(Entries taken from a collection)
- - - - - - -
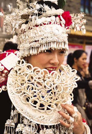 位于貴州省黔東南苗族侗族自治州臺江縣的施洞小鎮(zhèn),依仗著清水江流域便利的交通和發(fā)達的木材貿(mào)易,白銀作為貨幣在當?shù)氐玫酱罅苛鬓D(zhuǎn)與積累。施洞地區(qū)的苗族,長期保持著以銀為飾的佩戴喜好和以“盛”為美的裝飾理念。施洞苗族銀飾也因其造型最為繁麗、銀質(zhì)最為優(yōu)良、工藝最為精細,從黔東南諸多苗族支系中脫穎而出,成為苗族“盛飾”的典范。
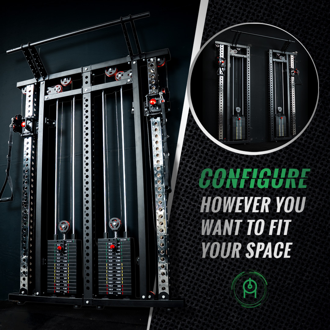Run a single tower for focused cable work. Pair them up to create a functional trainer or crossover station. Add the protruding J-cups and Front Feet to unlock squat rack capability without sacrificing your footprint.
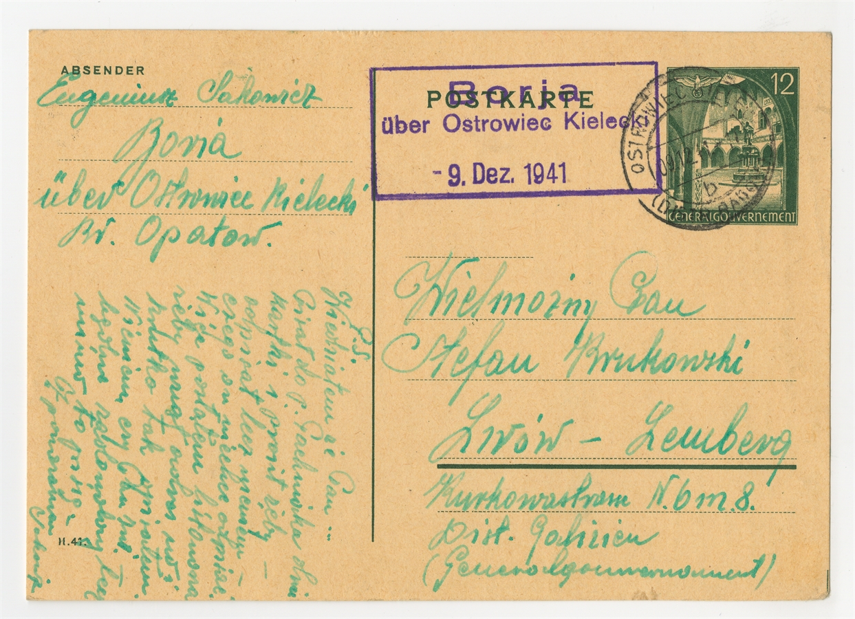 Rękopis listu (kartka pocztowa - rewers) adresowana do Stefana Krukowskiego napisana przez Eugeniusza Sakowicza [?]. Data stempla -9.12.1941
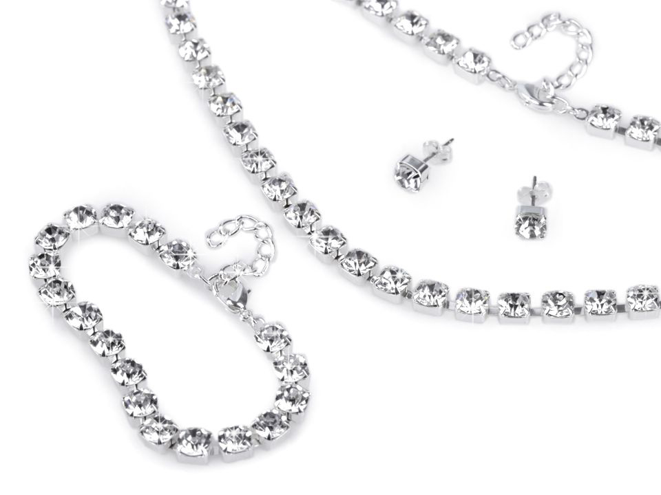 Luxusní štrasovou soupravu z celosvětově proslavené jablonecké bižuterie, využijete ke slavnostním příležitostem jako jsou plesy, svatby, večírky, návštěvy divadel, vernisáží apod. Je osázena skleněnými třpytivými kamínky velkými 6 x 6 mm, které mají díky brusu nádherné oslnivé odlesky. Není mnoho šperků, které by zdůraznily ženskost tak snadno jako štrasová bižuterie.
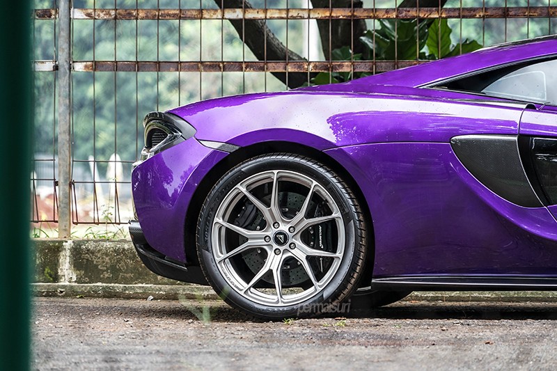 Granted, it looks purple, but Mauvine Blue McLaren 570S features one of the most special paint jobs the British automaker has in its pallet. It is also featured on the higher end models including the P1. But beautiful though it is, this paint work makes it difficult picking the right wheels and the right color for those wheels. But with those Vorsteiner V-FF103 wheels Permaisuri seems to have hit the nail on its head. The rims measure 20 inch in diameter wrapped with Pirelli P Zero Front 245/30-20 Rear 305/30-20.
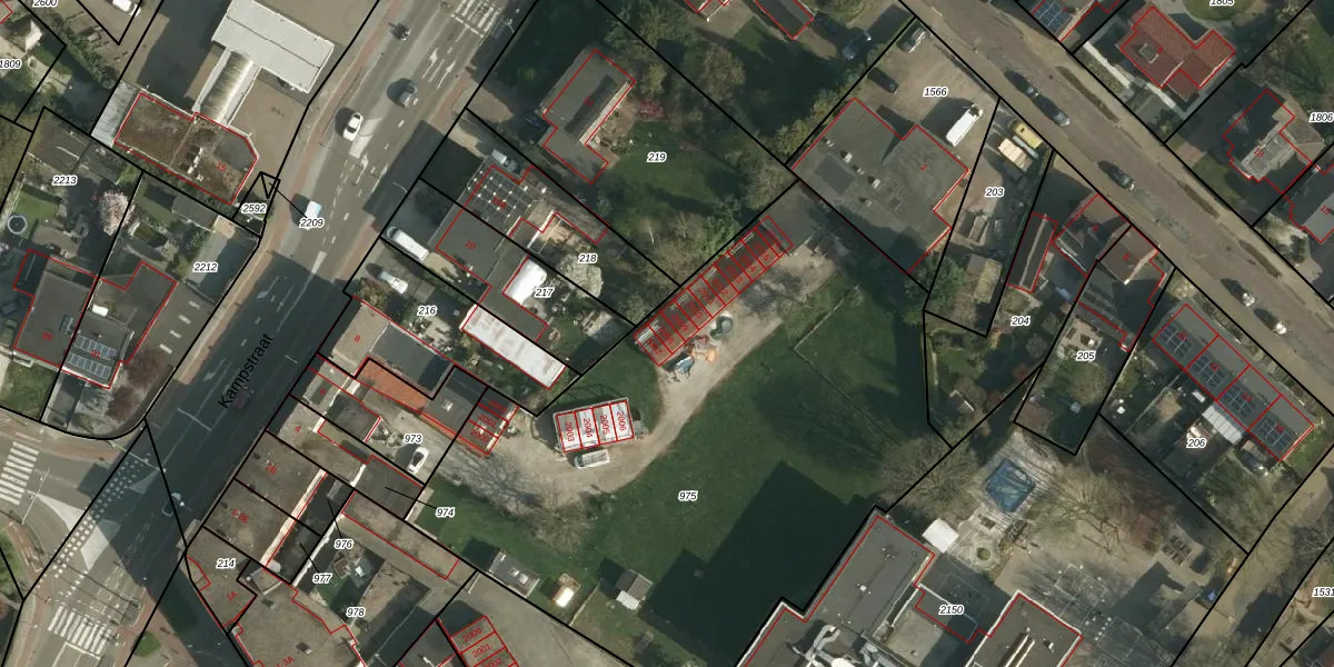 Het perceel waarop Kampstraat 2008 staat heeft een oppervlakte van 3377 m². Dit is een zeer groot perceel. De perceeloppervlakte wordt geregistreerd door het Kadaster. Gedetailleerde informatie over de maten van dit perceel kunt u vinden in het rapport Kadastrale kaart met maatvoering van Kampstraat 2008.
- - - - - - -
### What is needed
Using the entries above, reproduce word for word only the lines from the one that contains "Run a single" to the one that contains "Luxusní štrasovou soupravu", both ends included, and drop every picture.

### Expected output
Run a single tower for focused cable work. Pair them up to create a functional trainer or crossover station. Add the protruding J-cups and Front Feet to unlock squat rack capability without sacrificing your footprint.
 Rękopis listu (kartka pocztowa - rewers) adresowana do Stefana Krukowskiego napisana przez Eugeniusza Sakowicza [?]. Data stempla -9.12.1941
 Luxusní štrasovou soupravu z celosvětově proslavené jablonecké bižuterie, využijete ke slavnostním příležitostem jako jsou plesy, svatby, večírky, návštěvy divadel, vernisáží apod. Je osázena skleněnými třpytivými kamínky velkými 6 x 6 mm, které mají díky brusu nádherné oslnivé odlesky. Není mnoho šperků, které by zdůraznily ženskost tak snadno jako štrasová bižuterie.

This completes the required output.